Dicas para o registro da entrevista

Todo o material e equipamento necessário para a realização da entrevista deve ser ordenado e testado antes da entrevista.

Vale a pena gravar um pequeno cabeçalho informando nome completo do entrevistado, entrevistadores, data e local do registro. Incorporada à gravação, essa claquete permite a identificação imediata dessa nova fonte histórica.

Vários podem ser os ambientes para a realização da entrevista. Mas, preferencialmente, locais silenciosos, sem muitos estímulos presentes e os celulares devem ser desligados.

É importante que a entrevista não seja interrompida pelos entrevistadores, pela equipe de gravação, ou por pessoas do entorno, mas avisar o entrevistado que, sempre que ele quiser, poderá ser feito um intervalo.


Roteiro da entrevista


O roteiro é uma seqüência de perguntas elaboradas pelo entrevistador, que o ajuda a preparar-se para a entrevista. Não deve ser entendido como um questionário rígido, mas como um guia para “puxar o fio da memória” do entrevistado.

O desafio é construir uma seqüência de perguntas que ajude a pessoa a encadear seus pensamentos e organizar a narrativa à sua maneira. O tipo e a ordem das perguntas - estejam ou não previstas no roteiro – tendem a definir o tipo de história que será contada.
Deve-se priorizar a narrativa, as histórias, cuidando para o entrevistado não se perder em comentários e opiniões genéricas.

Algumas dicas para construção do roteiro:

§ Para começar - Iniciar com perguntas fáceis de responder, como nome, local e data de nascimento. Além de contextualizar a pessoa, essas perguntas têm a função de “esquentar” a entrevista. É como um começo delicado de um relacionamento, e nada como perguntas simples e objetivas para deixar o entrevistado à vontade e ajudá-lo a mergulhar em suas memórias.
§ Encadeamento - A ordem cronológica costuma ser um bom fio condutor da conversa, mas não é o único. Vale observar se a comunidade ou grupo tem outra lógica de organização de suas histórias. Se for adotado o critério cronológico, o roteiro pode ser organizado em três grandes blocos de perguntas:
-       Introdução: origem da pessoa, pais, avós, infância.
-       Desenvolvimento: fases da sua trajetória, incluindo, se for o caso, o tema específico do projeto.
§ Finalização: conclusão da história, relação com o presente e o futuro.

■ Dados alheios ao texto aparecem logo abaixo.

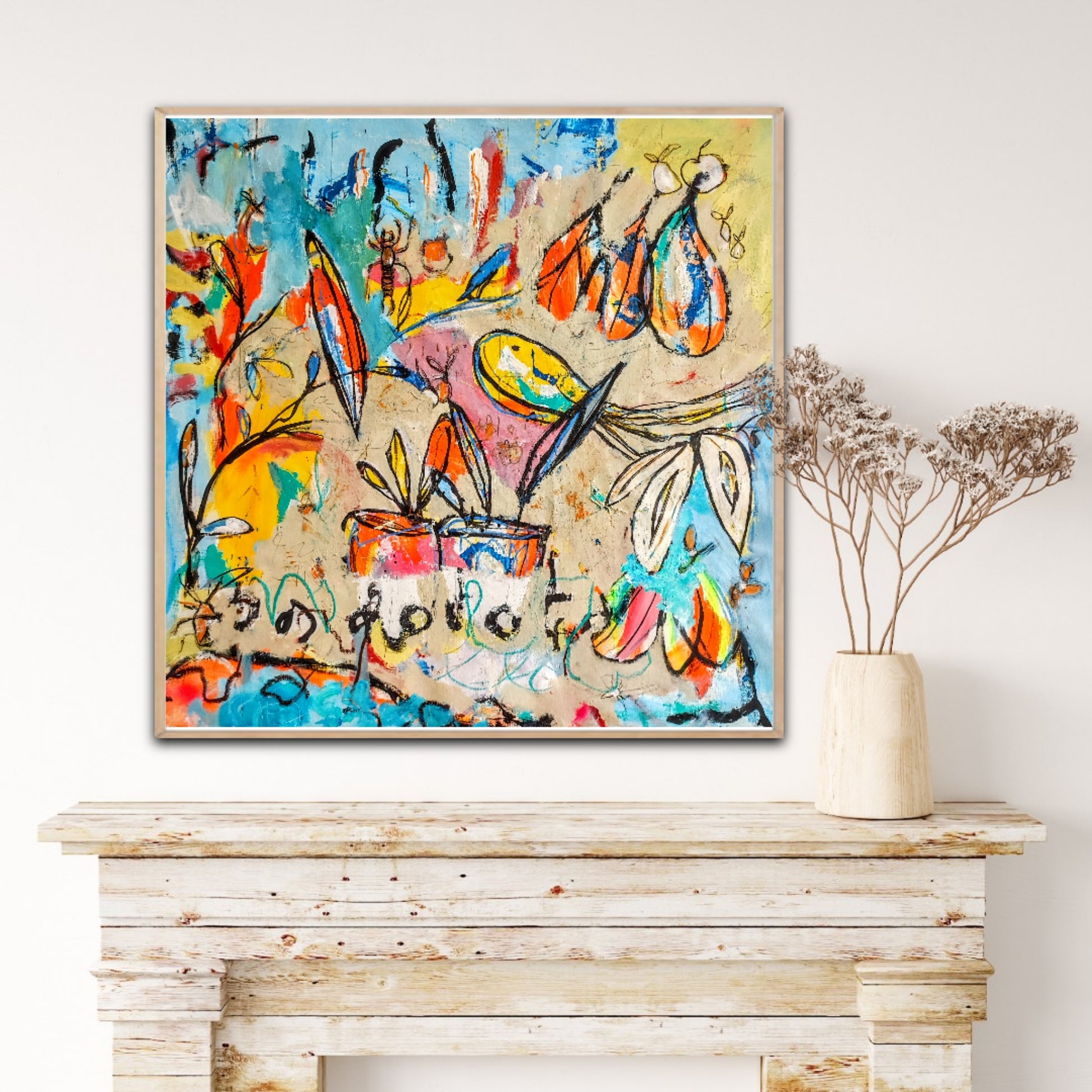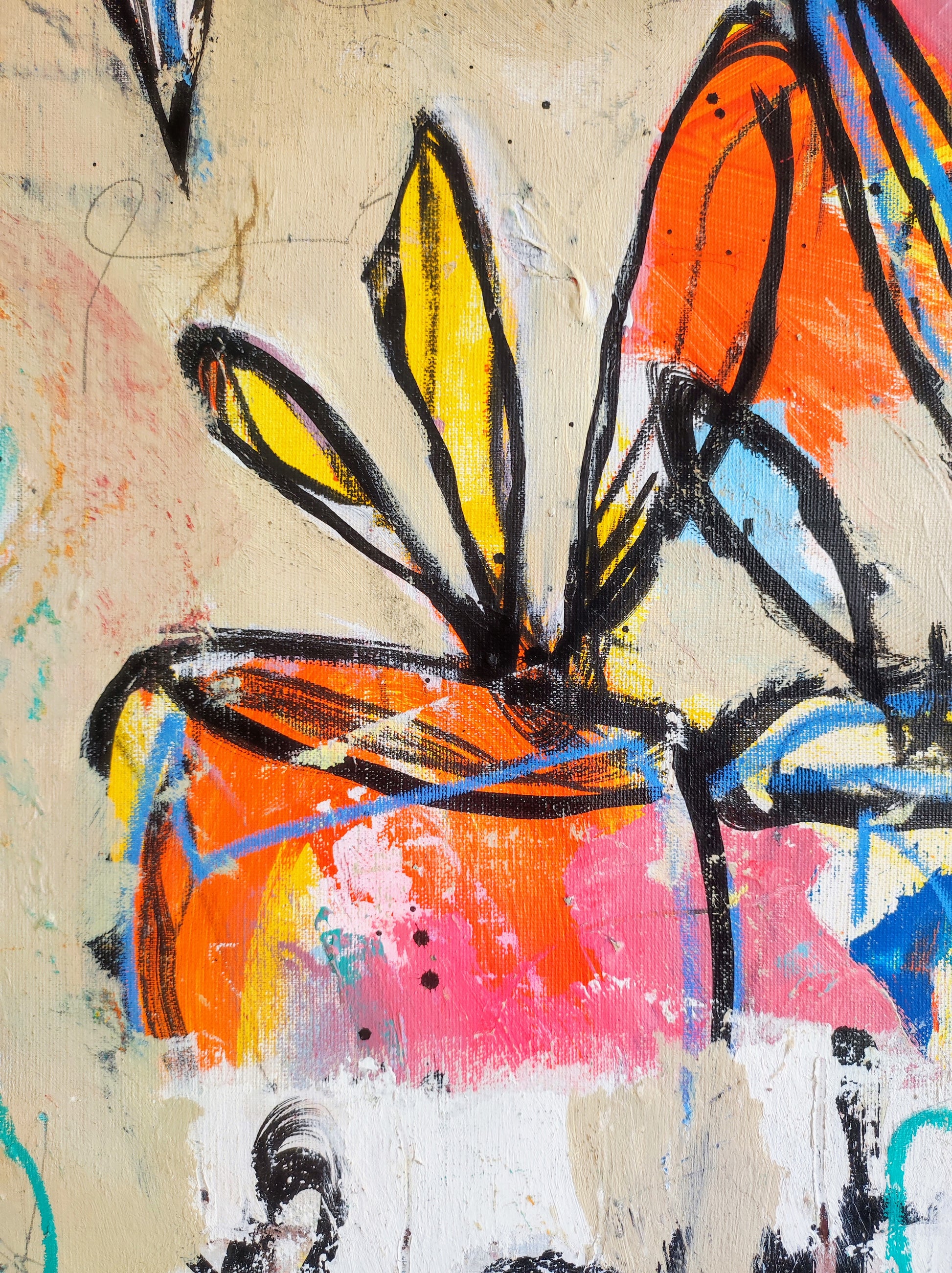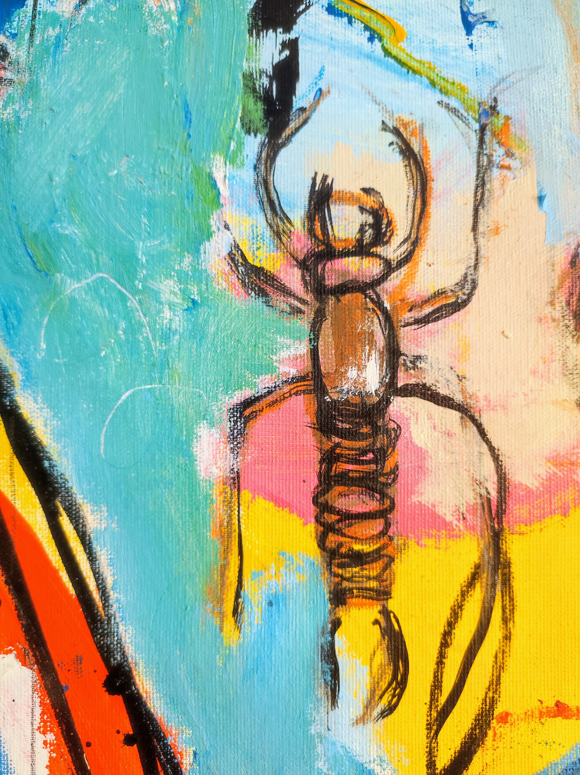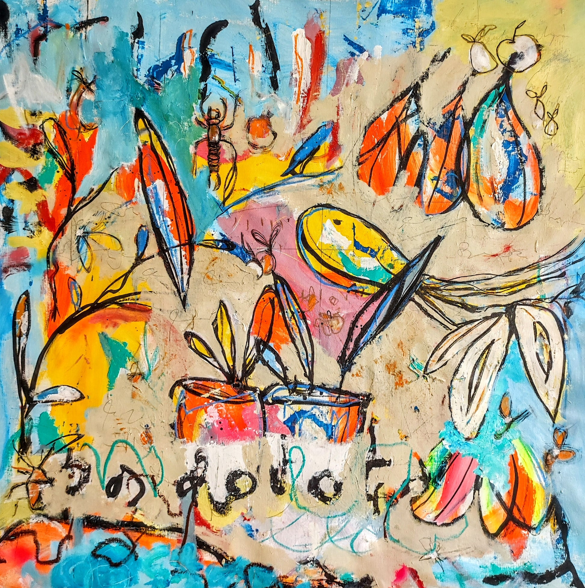 Técnica: acrílico, gesso, tinta china, pastel, ceras, lápiz.

§ Número de perguntas - O roteiro não precisa ser extenso nem exaurir todos os temas, pois é apenas uma base para a entrevista. Um bom exercício é começar construindo 10 perguntas (três de início, quatro de desenvolvimento e três de finalização) e depois subdividir cada uma em sub-blocos temáticos.

§ Perguntas que ajudam:
 - Descritivas - Recuperam detalhes envolventes. Exemplo: descreva como era a casa de sua infância.
 - De movimento - Ajudam a continuar sua história. Exemplo: o que você fez depois que saiu de casa?
 - Avaliativas - Provocam momentos de reflexão e avaliação. Exemplo: como foi chegar à cidade grande?

§ Perguntas que atrapalham:
 - Genéricas - Estimulam respostas genéricas (“boa” ou “muito difícil”), sem histórias.  Exemplo: como foi sua infância?
 - Puramente informativas - Podem desconcertar o entrevistado e interromper sua narrativa. Exemplo: qual era o nome da praça? (Se importante, tal dado deve ser pesquisado antes ou depois da entrevista.)
 - Com pressupostos - Propiciam respostas meramente opinativas. Exemplo: o que você acha da situação atual do Brasil?
- Com julgamento de valor - Atendem apenas a hipóteses e anseios do entrevistador. Exemplo: Você não acha que deveria ter feito algo?